Crude oil, which is a major input for gasoline, would be displaced
by ethanol. U.S. imports of crude oil would fall by 16-17 percent
in 2022. The United States is the largest importer of crude oil,
with imports accounting for about two-thirds of total U.S. supply.
Reduced U.S. demand for petroleum would lower the price of crude
oil. As a result of lower demand and a decline in the import price,
the U.S. import bill for crude oil would decline by $61-$68
billion. With a smaller import bill, the U.S. dollar would
appreciate. A stronger dollar would reduce the cost of importing
other goods, including agricultural commodities, and reduce export
volume because of increased prices in foreign markets for U.S.
products. In addition, with greater demand for land to use for both
energy crop production and all other agricultural activities,
meeting the RFS-2 would reduce U.S. agricultural commodity exports
and increase the demand for agricultural imports as crops must
compete for limited land.
This study does not predict the future but addresses the question
of what would be the likely impacts on the U.S. economy should the
RFS-2 mandate be met under different price/policy scenarios. The
study acknowledges the uncertainty in meeting the mandate in 2022.

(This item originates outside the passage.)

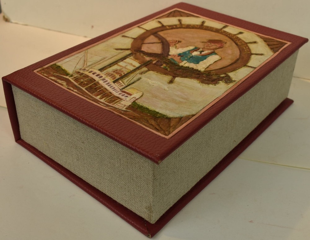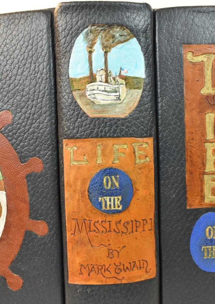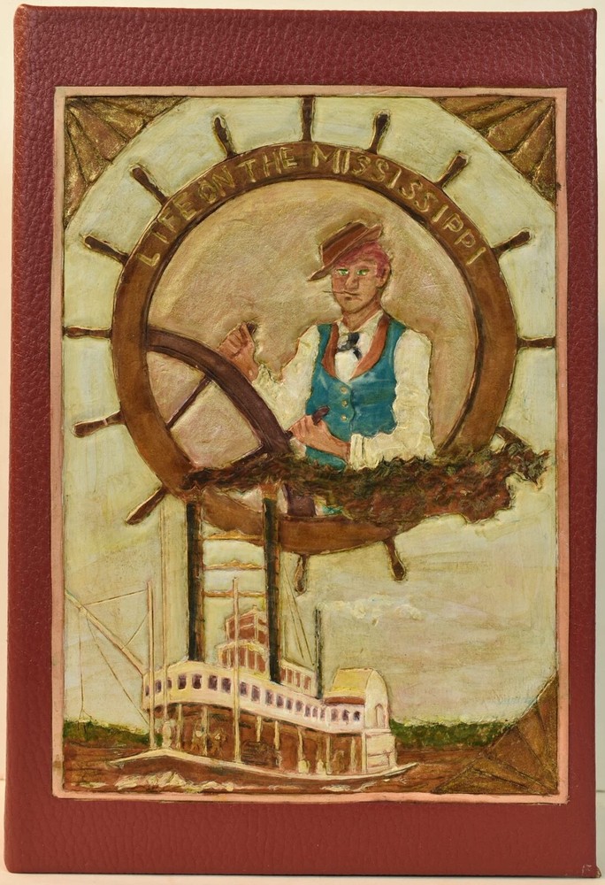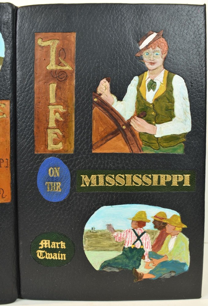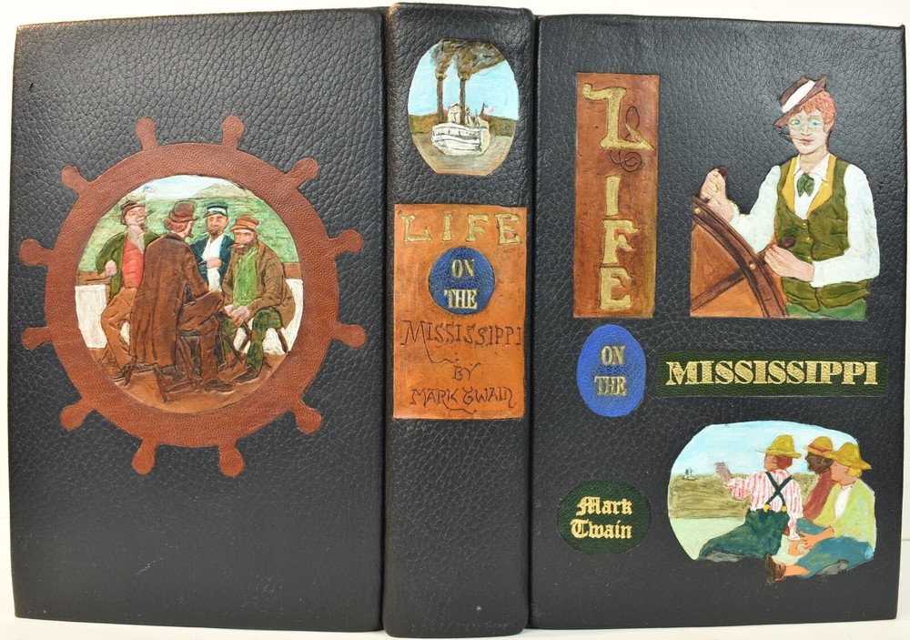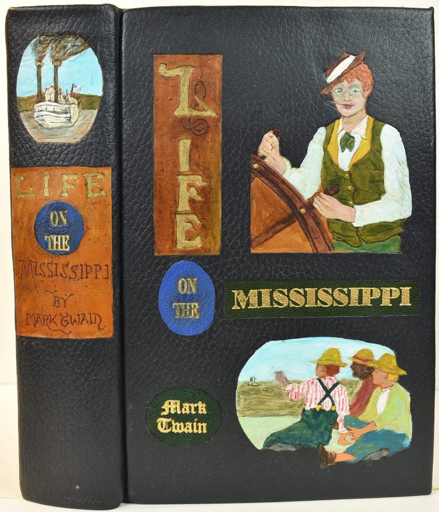 LIFE ON THE MISSISSIPPI Written by Mark Twain and published by James R. Osgood and Company, Boston; copyright 1883. This is the first edition; second state with 1883 on the title page and without “Twain in flames” (this image disturbed Twain’s wife Olivia) on page 441, and with St. Louis Hotel corrected to St. Charles Hotel on page 443. Like most of Twain’s book’s published in the 19th century, this book is profusely illustrated with 316 illustrations. The illustrations comprise an integral part of the book’s humor. This book has been rebound into a new leather binding that features hand-carved and colored inlay. It also comes in a similar leather clamshell box. All leather carving and coloring was done by me. Designs were taken from the original artwork in the book which were done many years ago by E. H. Garrett, Frank Merrill and John J. Harley LIFE ON THE MISSISSIPPI is a memoir by Mark Twain, of his days as a steamboat pilot on the Mississippi River before the American Civil War, and also a travel book, recounting his trip along the Mississippi many years after the Civil War. Twain once remarked that he considered this book his masterpiece, and that it would outlive his other works and endure as a classic. The book begins with a brief history of the river from its discovery by Hernando de Soto in 1542. It continues with anecdotes of Twain's training as a steamboat pilot, as the 'cub' of an experienced pilot. He describes, with great affection, the science of navigating the ever-changing Mississippi River in a section that was first published in 1876, entitled "Old Times on the Mississippi". In the second half, Twain narrates his trip many years later on a steamboat from St. Louis to New Orleans. He describes the competition from railroads, and the new, large cities, and adds his observations on greed, gullibility, tragedy, and bad architecture. He also tells some stories that are most likely tall tales. Simultaneously published in 1883 in the United States and Great Britain, it is said to be the first book submitted to a publisher as a typewritten manuscript. DESCRIPTION: 624 pages 8 3/4 x 6 inches unique artist designed leather bound hardcover with original 1883 First Edition Mark Twain text block CONDITION: This hard-cover book is in fine condition with a custom slip-case. The book has been rebound in full navy cowhide that has leather inlays that are hand-carved, dyed, tooled and colored by me—Bookpa. The interior is completely original with all pages and illustrations present. The book has been bound with new marbled paper (made by me) endpapers. The book is very old but is in remarkable condition considering that it is 130+ years old. The paper shows age toning but is clean overall. The paper shows age toning—as is the case with nearly all examples of this book because early pulp paper was used. This book may have been in a library at one time, although there are no stamps, numbers, pockets, etc., the margins have been cut down about 1/4” in length and width which was a common practice with library books. The interior is otherwise mostly clean with no foxing, major grubbiness or staining. There are a few smudges or finger-marks. I have pictures of the worst. There is a name and date (1887) written on the first blank endpaper. Binding and hinges are excellent as the book was rebound using traditional methods and non-acidic materials. The book is capable of being read using proper care if you so desire. The box is hand-made with heavy red leather with a hand-carved and stamped, colored leather inlay on the front or top panel. The interior of the box is covered with linen. BECAUSE MEDIA RATE SHIPPING IS FREE ON THE BOOKS I SELL, COMBINE THIS WITH OTHER ITEMS FROM MY EBAY STORE. I AM AN EXPERIENCED EBAY SELLER (23+ YEARS) AND SHIPPER WITH 100% (always!--since 1997!) FEEDBACK RATING. ALL ITEMS ARE CAREFULLY AND SECURELY PACKED TO REDUCE OR ELIMINATE DANGER OF CRUSHING AND OR WATER/MOISTURE DAMAGE. ALL BOOKS ARE SHIPPED IN STURDY BOXES WITH TRACKING AND DELIVERY CONFIRMATION INCLUDED. I PERSONALLY GUARANTEE ALL OF THE BOOKS, AUTOGRAPHS AND SIGNATURES ON BOOKS I SELL.

The exact timing of the commercialization of new technologies to
produce biofuels cannot be determined because of a myriad of
uncertain factors. Future developments will also depend on new
investments in infrastructure needed to support a transportation
and distribution network for biofuels. Determining when such
developments would take place is beyond the scope of this study.
Long-term impacts on the U.S. economy from meeting the RFS-2 will
depend partly on future petroleum prices. This study adopts a price
projection from the U.S. Department of Energy that assumes that
satisfying the growing world demand for petroleum will require
accessing higher cost supplies of oil. Under these conditions,
petroleum prices are likely to be higher in 2022 than current
prices. Unlike previous decades, petroleum prices are likely to
rise relative to the cost of producing biofuels.

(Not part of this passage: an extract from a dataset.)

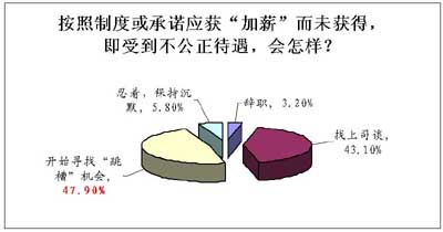 那么,在職場打拼的白領(lǐng)對加薪的態(tài)度是怎樣的呢?對于企業(yè)加薪規(guī)則是否滿意呢?日前,國內(nèi)權(quán)威的專業(yè)人才招聘網(wǎng)站之一中華英才網(wǎng)(ChinaHR.com)對此進行了調(diào)查。調(diào)查顯示,有接近一半的受訪者,比例為47.9%,在加薪上受到不公平待遇時,會“開始尋找跳槽機會”(如圖);而選擇正面與企業(yè)溝通的比例為43.1%,少于前者近五個百分點;有3.2%的受調(diào)者選擇了最極端的做法——辭職;能夠在這種情況下保持沉默的比例僅5.8%。(見圖)

How Was the Study Conducted?
The study used a detailed computable general equilibrium model
for the United States-the U.S. Applied General Equilibrium (USAGE)
model-comprising 534 industries. The model is a multipurpose
framework for addressing a broad set of questions, including
domestic and trade policy as well as macroeconomic links to trade.
The model was modified to include additional sectors and industries
involved in biofuel production, including conventional ethanol
(corn-starch) produced from dry-milling and second-generation
ethanol made from crop residues, dedicated energy crops, and other
advanced biofuels. Other modifications include explicit treatment
of U.S. agricultural land and regional land allocation for the
production of biomass (organic material) and all other agricultural
activities. A base, or reference, scenario without the RFS-2 was
conducted for the year 2022 using the U.S. Department of Energy's
projections. The effects of RFS-2 were determined as alternative
scenarios using scenario analysis. Volumes of all types of ethanol
were based on those established by EISA.